→ Data block
+++++

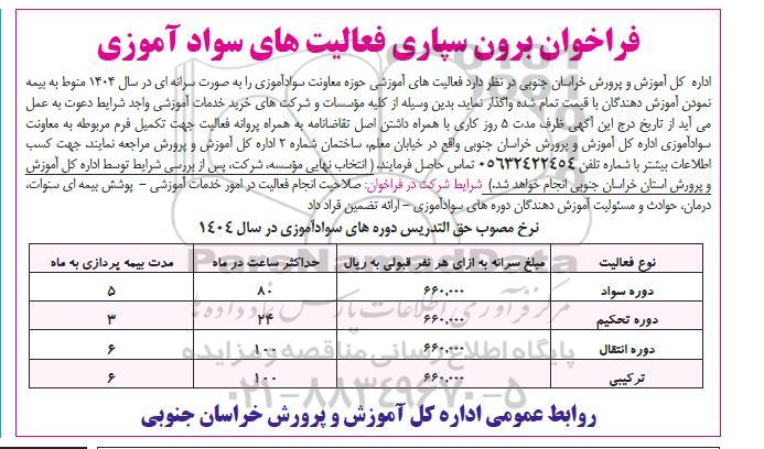 اداره کل آموزش و پرورش خراسان جنوبی در نظر دارد فعالیتهای آموزشی حوزه معاونت سواد آموزی را به صورت سرانه ای در سال 1404 منوط به بیمه نمودن آموزش دهندگان با قیمت تمام شده واگذار نماید. بدین وسیله از کلیه مؤسسات و شرکتهای خرید خدمات آموزشی واجد شرایط دعوت به عمل می آید از تاریخ درج این آگهی ظرف مدت 5 روز کاری با همراه داشتن اصل تقاضانامه به همراه پروانه فعالیت جهت تکمیل فرم مربوطه به معاونت سواد آموزی اداره کل آموزش و پرورش خراسان جنوبی واقع در خیابان معلم ساختمان شماره 2 اداره کل آموزش و پرورش مراجعه نمایند. جهت کسب اطلاعات بیشتر با شماره تلفن 05632422454 تماس حاصل فرمایند ( انتخاب نهایی مؤسسه شرکت پس از بررسی شرایط توسط اداره کل آموزش و پرورش استان خراسان جنوبی انجام خواهد شد) شرایط شرکت در فراخوان صلاحیت انجام فعالیت در امور خدمات آموزشی - پوشش بیمه ای سنوات درمان حوادث و مسئولیت آموزش دهندگان دوره های سواد آموزی - ارائه تضمین قراد داد
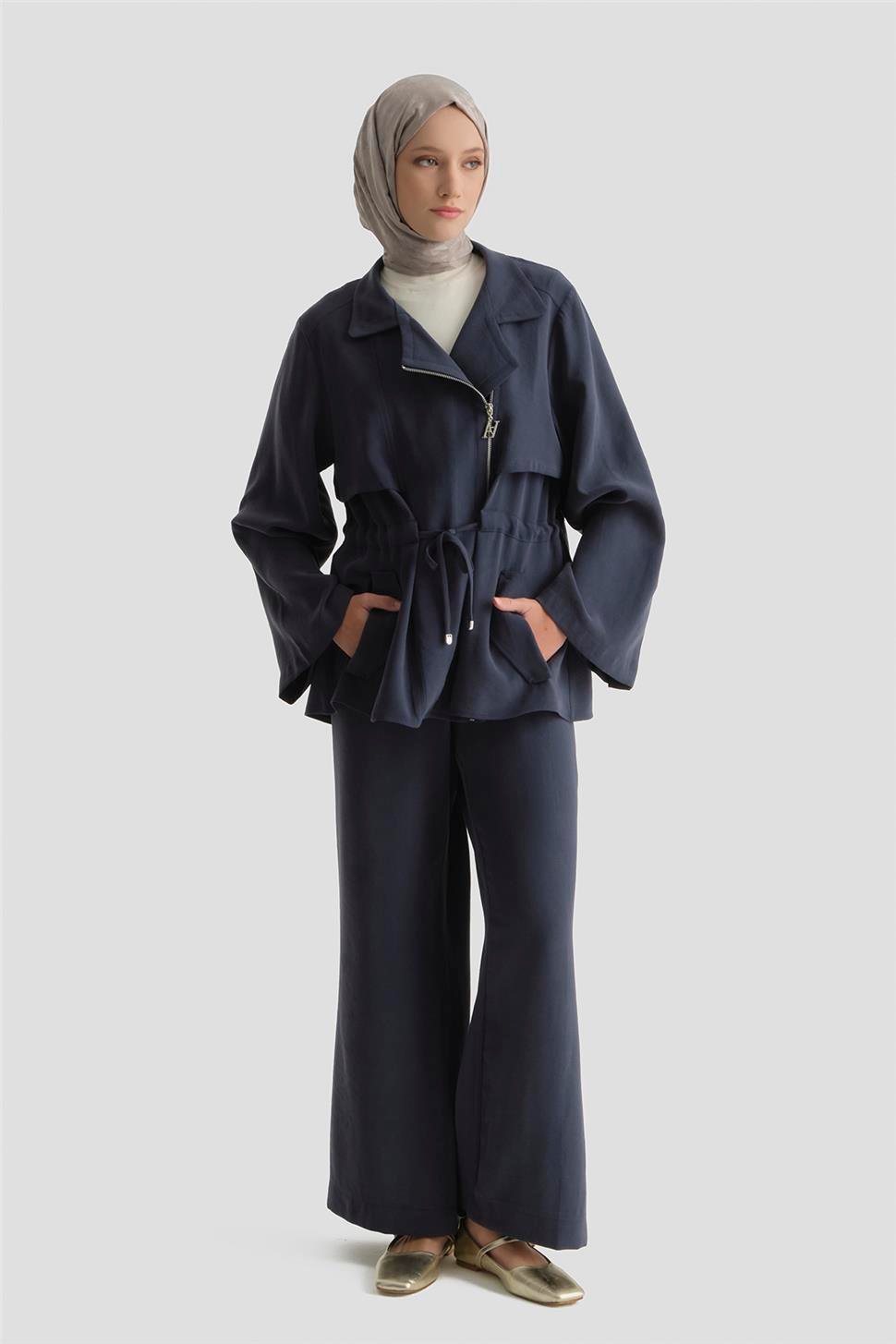 Modern terziliği akıcı kupra dokusuyla buluşturan bu takım, güçlü bir silueti zarif detaylarla dengeler. Fermuar kapamalı ceket formu ve belden ayarlanabilir yapısı tasarıma çağdaş bir karakter kazandırırken, geniş paça pantolon formu görünümü sofistike bir akışla tamamlar. Şehir stilinde rafine ve iddialı bir duruş arayanlar için zamansız bir seçimdir.
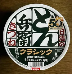 たまたまスーパーで見かけて買いましたクラシック。昔を彷彿させる味なんでしょうねと思いながら食べたんですがあれ?なんか違うようなピラピラした麺もこんなんじゃなかったようなつゆものっぺりした味でうまくもなんともないニュータッチの豚汁うどんの方が昔のどん兵衛に近いと思いますが味の記憶ってしっかり残っている
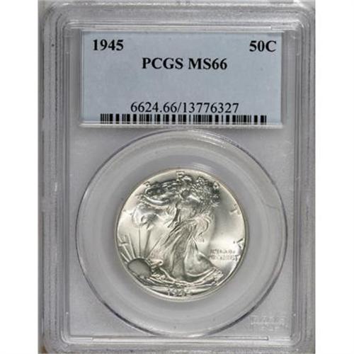 <B>1945 50C MS66 PCGS.</B></I> PCGS Population (1242/59). NGC Census: (1125/82). Mintage: 31,502,000. Numismedia Wsl. Price for NGC/PCGS coin in MS66: $200. (#6624)<BR><BR><B>Coin Engraver:</B> Adolph A. Weinman<BR><BR><b>Shipping:</b> Coins & Currency (<a target="_blank" href="http://www.heritageauctions.com/common/shipping.php">view shipping information</a>)

+++++

→ The task
An exact reproduction of the lines from the line containing "たまたまスーパーで見かけて買" through the end of the listing above is needed; pictures stay out.

→ Response box
 たまたまスーパーで見かけて買いましたクラシック。昔を彷彿させる味なんでしょうねと思いながら食べたんですがあれ?なんか違うようなピラピラした麺もこんなんじゃなかったようなつゆものっぺりした味でうまくもなんともないニュータッチの豚汁うどんの方が昔のどん兵衛に近いと思いますが味の記憶ってしっかり残っている
 <B>1945 50C MS66 PCGS.</B></I> PCGS Population (1242/59). NGC Census: (1125/82). Mintage: 31,502,000. Numismedia Wsl. Price for NGC/PCGS coin in MS66: $200. (#6624)<BR><BR><B>Coin Engraver:</B> Adolph A. Weinman<BR><BR><b>Shipping:</b> Coins & Currency (<a target="_blank" href="http://www.heritageauctions.com/common/shipping.php">view shipping information</a>)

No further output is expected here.